Yes, +1 for a patch to improve the docs!
MultiPhraseQuery only works for single term synonyms, and is usually
produced by query parsers when the incoming query text had single term
synonyms matching, I think? The query parser will use other (span?)

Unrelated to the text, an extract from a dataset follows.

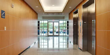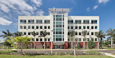 Miller used tilt-wall construction to build this five-story office condominium, which consists of four floors located above ground-level parking and a first-floor lobby. With its soaring exterior, Cornerstone Five is clearly visible from I-595. Making an impressive statement, the interior Class-A office space includes finishes such as granite floors and wood paneling. The building also includes an energy management system with generator backup. The biggest construction challenge on the relatively small site was finding space for casting beds needed to form and pour the tilt-wall panels.

queries for multi token synonyms.
I think the example in the javadoc should be simplified to not use "app*",
e.g. maybe just matching "Microsoft Excel|Word"?
Mike McCandless
http://blog.mikemccandless.com
On Wed, Sep 19, 2018 at 5:59 AM Erick Erickson <er...@gmail.com>
wrote:
> bq. i wish the Javadocs has examples like PhraseQuery Javadocs gave.
>
> This is where someone coming into the examples for the first time is
> invaluable, javadoc patches are most welcome! It can be hard to back
> off enough to remember what the confusing bits are when you wrote the
> code ;)
> On Tue, Sep 18, 2018 at 1:56 PM <ba...@oracle.com> wrote:
> >
> > Any suggestions please?
> > Two main questions:
> > - how do synonyms get utilized by MultiPhraseQuery?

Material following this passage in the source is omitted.